Page 47 of Too Good to Be True

I was too.

“Why?” I asked her, because the reason she was couldn’t be the same as mine.

“Because now it’s icky that you’ll be dating him.”

“I won’t be dating him.”

She turned her head my way. “He’s into you.”

“He’ll get over it.”

“You’re into him.”

“I’ll get over it too.”

“Not everyone is François,” she said softly.

“Yes, they are, honey. Every man is François. All ego, all pride, all cock.”

And if you haven’t learned that yet, God help you, I did not say.

“You’re too young not to reach for happiness, lovey,” she said.

And what was your happiness? My father’s utter devotion that came only when you blatantly showed him yours when he was dying? And then he was dead? Is that what I get? Proving myself time and again, earning their love, but giving it as it’s supposed to be given, freely, without expecting anything in return…except to be honored with the same, but never having a chance at that unless forced by happenstance into some heroic display of undying devotion?

“Did you know,” I started carefully, “it’s a little-known fact, quite a number of husbands leave their wives when they get a terminal disease?”

“Yes. I also know the numbers are not the same the other way around. That’s love, Daphne. For all of us. We decide what to give. What to take. What boundaries to build. When to stay. When to let go. Do you think for a second your father didn’t know at first I married him for his money?”

I wasn’t comfortable talking about this.

“Lou—”

“Answer me.”

I was getting angry. “So you’re telling me he bought your devotion in the end? You may be dealing with some guilt now he’s gone, but I know you better than that.”

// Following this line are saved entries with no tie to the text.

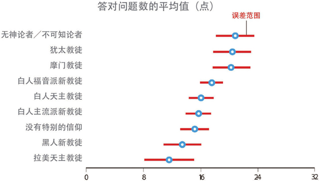 皮尤论坛采取了更严谨的分析——根据受试者的教育及收入背景(遗憾的是,这些数据在报告中很不明显)对结果进行修正。修正后,信徒和无信仰人士之间就没有明显区别了。那些声称不信神的人的平均得分比全国平均得分仅仅高了0.3分,考虑到如此大的误差范围,这点儿分差没有任何意义。
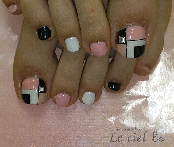 定番モノトーンのブロックネイル。
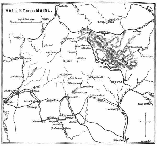 [25] Rossbrünn is not marked on the map. It is about 7 miles due west of Würzburg.

“I’m telling you there are ebbs and flows in all relationships. Power shifts. You must know that with how much you love your sister, and how much you put up with from her. You’re in this bed, aren’t you? You didn’t get in your car to drive to London to tell her off or just to go home and let her make her own bed with Daniel.”

“So are you saying I should have forgiven François?”

“No,” she spat. “He was a piece of shit.”

I smiled.

“Why do you think I was saying that?” she asked.

“I don’t know.”

“Because I put up with your father cheating on me?”

Oh God.

I really was not comfortable talking about this.

“Lou,” I groaned.

“That was my bed. And his. And I only mention it because you have to let me lie in it. He was funny. He made me laugh. And oh, how he thought I was beautiful. He’d look at me and convince me I was the most exquisite creature on the planet. Good or bad, right or wrong, that meant something to me. And he gave it to me. In our way, we worked. No one can say whether the way something works is right, or wrong, except the person living it. Just as no one can say when a thing isn’t working, and it should end, except the person ending it.”